* WORK TASK
Retype the entries below exactly, but begin at the line containing "2019年8月8日, 湖北美" and end at the last line.

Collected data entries
------------------------------------------------

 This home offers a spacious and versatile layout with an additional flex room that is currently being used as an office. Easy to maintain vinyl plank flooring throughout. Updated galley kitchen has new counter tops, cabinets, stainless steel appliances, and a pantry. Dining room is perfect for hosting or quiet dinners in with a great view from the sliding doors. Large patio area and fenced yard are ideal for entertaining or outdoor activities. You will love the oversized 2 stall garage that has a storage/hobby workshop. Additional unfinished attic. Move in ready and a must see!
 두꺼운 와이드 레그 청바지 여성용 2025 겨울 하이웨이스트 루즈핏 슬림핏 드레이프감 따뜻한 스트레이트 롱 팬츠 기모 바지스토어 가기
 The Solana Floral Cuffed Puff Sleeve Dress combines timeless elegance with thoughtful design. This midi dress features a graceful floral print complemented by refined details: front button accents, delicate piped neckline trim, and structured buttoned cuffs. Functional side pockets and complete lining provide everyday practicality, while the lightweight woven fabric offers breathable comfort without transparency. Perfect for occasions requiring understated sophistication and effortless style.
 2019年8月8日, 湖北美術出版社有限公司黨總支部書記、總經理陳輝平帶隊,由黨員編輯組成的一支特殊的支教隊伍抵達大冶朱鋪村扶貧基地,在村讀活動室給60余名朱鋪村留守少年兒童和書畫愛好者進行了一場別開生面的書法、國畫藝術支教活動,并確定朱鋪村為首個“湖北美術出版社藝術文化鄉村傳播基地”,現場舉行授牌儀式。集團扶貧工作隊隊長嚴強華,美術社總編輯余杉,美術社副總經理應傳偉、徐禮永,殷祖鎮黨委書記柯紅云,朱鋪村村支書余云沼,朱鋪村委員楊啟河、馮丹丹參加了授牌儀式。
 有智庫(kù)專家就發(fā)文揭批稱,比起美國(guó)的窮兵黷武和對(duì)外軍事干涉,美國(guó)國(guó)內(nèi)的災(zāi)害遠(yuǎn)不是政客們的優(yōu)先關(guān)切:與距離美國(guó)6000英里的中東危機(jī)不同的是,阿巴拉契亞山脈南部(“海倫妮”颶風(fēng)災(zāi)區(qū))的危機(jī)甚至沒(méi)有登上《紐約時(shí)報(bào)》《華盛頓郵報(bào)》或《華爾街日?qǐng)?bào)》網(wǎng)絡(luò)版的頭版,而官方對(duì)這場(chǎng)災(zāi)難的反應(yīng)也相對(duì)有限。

------------------------------------------------

* WORKED SOLUTION
 2019年8月8日, 湖北美術出版社有限公司黨總支部書記、總經理陳輝平帶隊,由黨員編輯組成的一支特殊的支教隊伍抵達大冶朱鋪村扶貧基地,在村讀活動室給60余名朱鋪村留守少年兒童和書畫愛好者進行了一場別開生面的書法、國畫藝術支教活動,并確定朱鋪村為首個“湖北美術出版社藝術文化鄉村傳播基地”,現場舉行授牌儀式。集團扶貧工作隊隊長嚴強華,美術社總編輯余杉,美術社副總經理應傳偉、徐禮永,殷祖鎮黨委書記柯紅云,朱鋪村村支書余云沼,朱鋪村委員楊啟河、馮丹丹參加了授牌儀式。
 有智庫(kù)專家就發(fā)文揭批稱,比起美國(guó)的窮兵黷武和對(duì)外軍事干涉,美國(guó)國(guó)內(nèi)的災(zāi)害遠(yuǎn)不是政客們的優(yōu)先關(guān)切:與距離美國(guó)6000英里的中東危機(jī)不同的是,阿巴拉契亞山脈南部(“海倫妮”颶風(fēng)災(zāi)區(qū))的危機(jī)甚至沒(méi)有登上《紐約時(shí)報(bào)》《華盛頓郵報(bào)》或《華爾街日?qǐng)?bào)》網(wǎng)絡(luò)版的頭版,而官方對(duì)這場(chǎng)災(zāi)難的反應(yīng)也相對(duì)有限。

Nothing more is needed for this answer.